Yang dipanggil segera mendekat dan ada yang berhambur ke dapur untuk menyiapkan apa yang diminta. Wajah mereka mulai berganti dengan wajah sukacita, sebab dengan kejadian barusan menunjukkan kemajuan baik atas kondisi Lawson.

Setelah semua sudah lebih baik serta menghabiskan makan siang yang dihidangkan, Tizha dan Bang Khery pamit pulang. Hari sudah mendekati larut siang.

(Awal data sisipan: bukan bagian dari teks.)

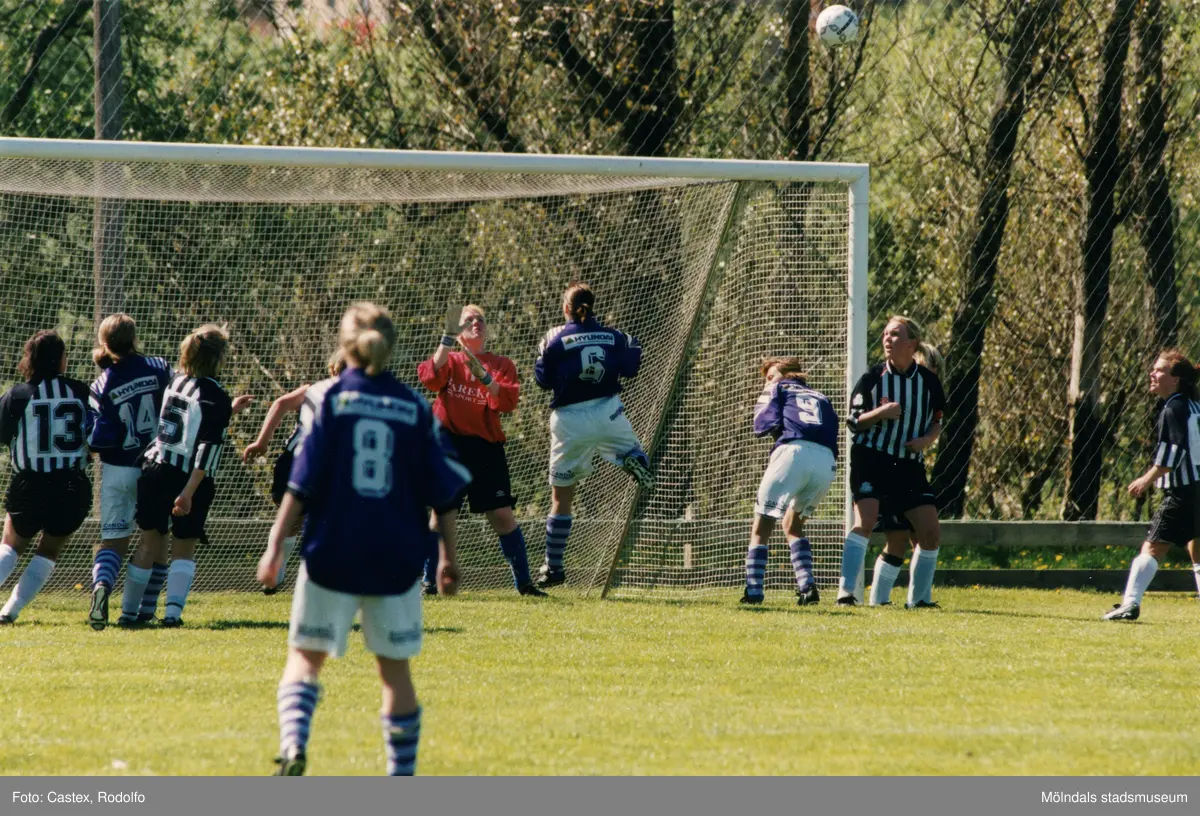 Fotbollslaget Lindome GIF spelar match mot Jitex BK i maj 2000. Möjligen på Lindevi IP i Lindome, Mölndals kommun. Slutresultatet är okänt.
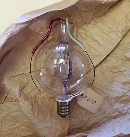 >>> I didn't do anything to the mahogany cabinet. It has always been in very good condition. Originally, there was a back panel that was hinge-mounted. The two brass hinges were still present but the back cover was "long gone" when I got the receiver. I never have built a replica back for the receiver since I really don't know what it looked like or even what material was used. If I was going to make a replica, I'd like to use 0.25" thick hard rubber (Condensite) if I could find it (and it wasn't warped). For displaying the SARX I built a spherical audion replica tube using an already broken Western Electric "tennis ball" tube. I glued the correct type of lamp base to the top tip of the envelope and then using epoxy I built up a bottom for the replica tube with the two wires exiting from that end. From a distance it's almost convincing,...but then,...why not look at the original DeForest Spherical Audion that follows? |

Bila tidak segera pulang, mereka bisa kemalaman di jalan.

“Apakah kita tidak meminta uang jalan kepada mereka, Tizha?” tanya Bang Khery begitu mereka merapikan barang-barang mereka.

Tizha tersenyum. “Jangan ditambah kesusahan mereka dengan keinginan kita, Khery… Bukankah mereka juga sudah memberi perbekalan yang cukup buat kita?”

Bang Khery terdiam.

Dia tidak bisa membantah.

Segera ia panggul beberapa buah tangan yang dibawakan buat mereka sebagai tanda terima kasih dari keluarga Lawson.

Iringan kepulangan Tizha dan Bang Khery disertai dengan tatapan berarti dari kakak beradik yang sedari pagi sempat mengembangkan kesedihan. Kini kesedihan itu sudah beralih dengan kebahagiaan atas harapan dan semangat baru bagi kesembuhan kakak tertua mereka.